Quando fechei a porta do meu quarto e me sentei na cama, disse, também entredentes e não exactamente para a minha mãe ou para Deus, em que nem sequer acredito, “Onze.” Podia ser mais, podia ser vinte, ou trinta, se tivesse começado a contar há mais tempo. Tinha começado há uns dois, três meses antes e cheguei ao onze naquele dia. Ainda me lembro de todos. Um, bife mal passado. Dois, demasiado azeite. Três, arroz empapado. Quatro, bacalhau muito salgado. Cinco, pouco chouriço no caldo verde. Seis, bife mal passado outra vez. Sete, devia haver salada. Oito, demasiado picante. Nove, batatas demasiado cozidas. Dez, o peixe tinha um sabor esquisito. A raiva não me abandonou, não diminuiu. Cheguei ao onze, falta de sal, e sabia o que tinha de fazer para acabar com aquilo. Fiquei acordada até ouvir o meu pai chegar a casa. Sabia que não ia ser preciso especial atenção para o ouvir, porque a bebedeira não lhe permitia ser cuidadoso ou silencioso. Quem tinha de ser cuidadosa e silenciosa era eu, não por causa do meu pai mas por causa da minha mãe, recolhida no quarto, provavelmente ainda acordada, à espera de ouvir chegar o marido.

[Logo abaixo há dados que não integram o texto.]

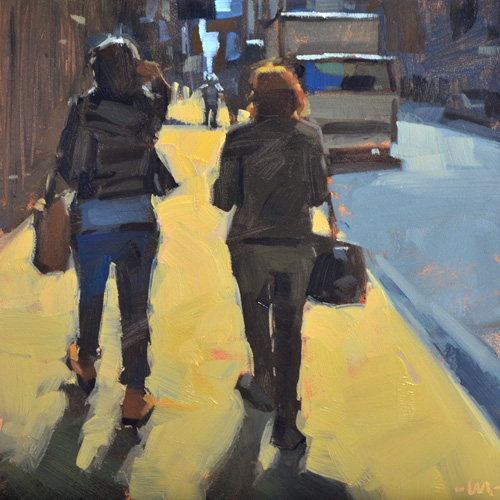The photo reference for this one (from NYC) was a bit dull and gray, so I decided to liven it up. As soon as I decided that, the sidewalk started screaming to be yellow. And the street, blue. Apparently they don't talk until you give them permission.

Saí do meu quarto quando o meu pai começou a subir as escadas. Saí com meias grossas nos pés e umas luvas nas mãos. Provavelmente, esta segunda precaução era desnecessária, mas achei por bem fazer a coisa assim. As meias eram para que os meus passos não se ouvissem. Quando o meu pai estava a alcançar o penúltimo degrau, apareci silenciosa no topo da escada e empurrei-o com força suficiente para o fazer cair até à base dos dezanove degraus. Não fiquei para ver como a cena terminava. Voltei sorrateira para o meu quarto e só de lá saí quando a minha mãe começou a gritar e a chamar o meu nome. A causa de morte foi a queda e as lesões que provocou. A causa da queda foi a bebedeira.
A paz que eu esperava trazer ao lar nunca se aproximou sequer do alpendre. A minha mãe passou meses enterrada numa depressão profunda, chorando copiosamente até as lágrimas se lhe esgotarem e já não conseguir senão soluçar em seco. Fazia-lhe falta o marido. O ódio que eu sentia por ela não só não se atenuou como se transformava dentro de mim em algo mais hediondo do que ódio. Depois de ter sido internada, alimentada a soro, e regressado a casa em melhor estado, durou apenas três semanas a voltar à depressão. A causa de morte foi um mal calculado cocktail de medicamentos, certamente provocado pelo discernimento atrofiado que a minha mãe tinha nessa altura.